Sulla scorta degli elementi acquisiti l’accusa aveva chiesto una condanna a 28 anni che, in virtù del rito abbreviato, sarebbero diventati 18. Il gup, però, condividendo la ricostruzione fatta dall'accusa e riconoscendo le aggravanti, compresa quella della premeditazione, ha condannato in primo grado la diciassettenne a 20 anni di carcere andando oltre la richiesta della Procura. Per conoscere le motivazioni della sentenza bisognerà attendere. Dopo la lettura del dispositivo l’imputata è stata accompagnata nuovamente a Roma dagli agenti di polizia penitenziaria e portata in cella.

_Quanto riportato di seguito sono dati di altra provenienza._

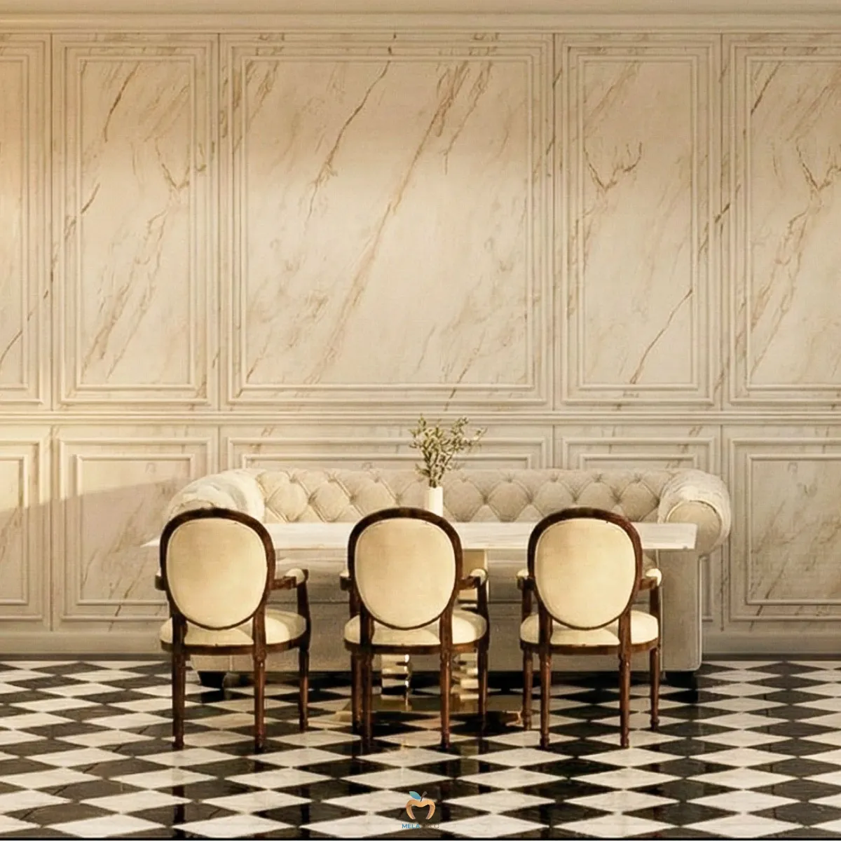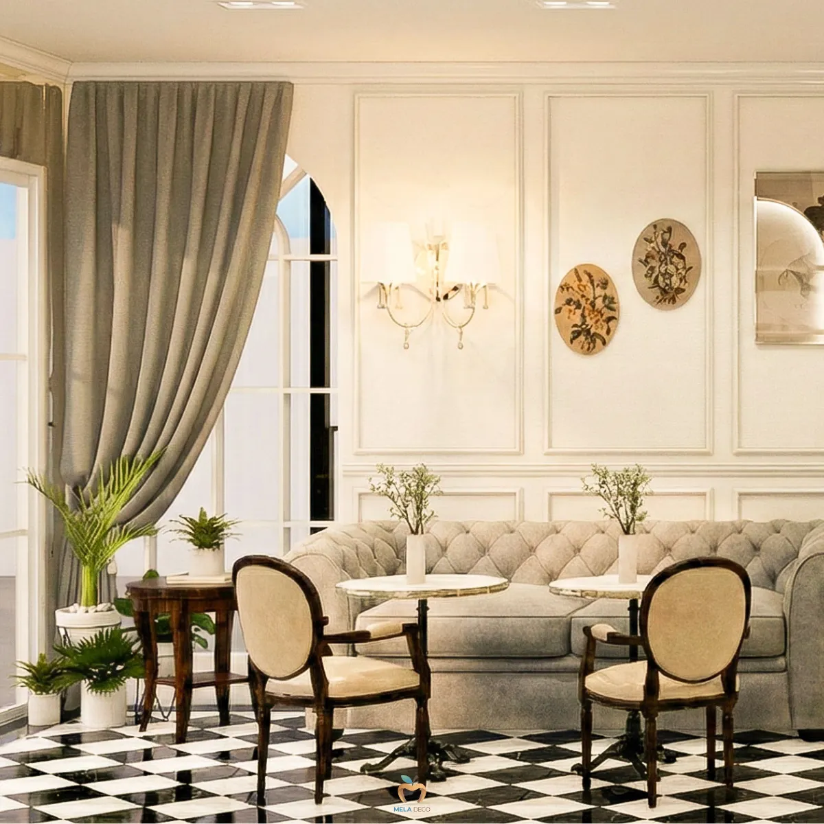 พื้นบิ้วอินลายหมากรุก ที่เป็นลายเซ็นของ Parisian Cafe พื้นกระเบื้อง Black & White Checkerboard คือองค์ประกอบที่ช่วยล็อกคาแรกเตอร์ของร้านตั้งแต่ก้าวแรก ลายหมากรุกขาว-ดำจากภาพ ทำหน้าที่เป็นฉากฐานที่ขับให้ผนังสีขาว เฟอร์นิเจอร์กำมะหยี่ และหินอ่อนดูโดดเด่นขึ้นทันที นอกจากความสวยงาม พื้นลักษณะนี้ยังช่วยกำหนดทิศทางสายตา ทำให้พื้นที่ยาวดูกว้าง โปร่ง และมีมิติเป็น Signature Look ที่เพียงแค่มอง ก็รู้ทันทีว่านี่คือ Parisian Cafe โดยไม่ต้องมีคำอธิบายใด ๆ เพิ่มเติม

La notizia dell’omicidio scosse molto le comunità di Bagheria e di Casteldaccia, dove si trovava la scuola in cui insegnava la vittima. A celebrare il funerale nella chiesa di San Giovanni Bosco, a Bagheria, furono il parroco Francesco Galeotto, padre Francesco Michele Stabile e padre Cosimo Scordato. Tra i presenti anche i sindaci Filippo Tripoli e Giovanni Di Giacinto e il dirigente scolastico Giuseppe Carlino. Sconvolti amici e colleghi della 55enne che dissero di “non sapere nulla di questi litigi familiari” e sottolinearono quanto “lei vivesse per questa ragazza”.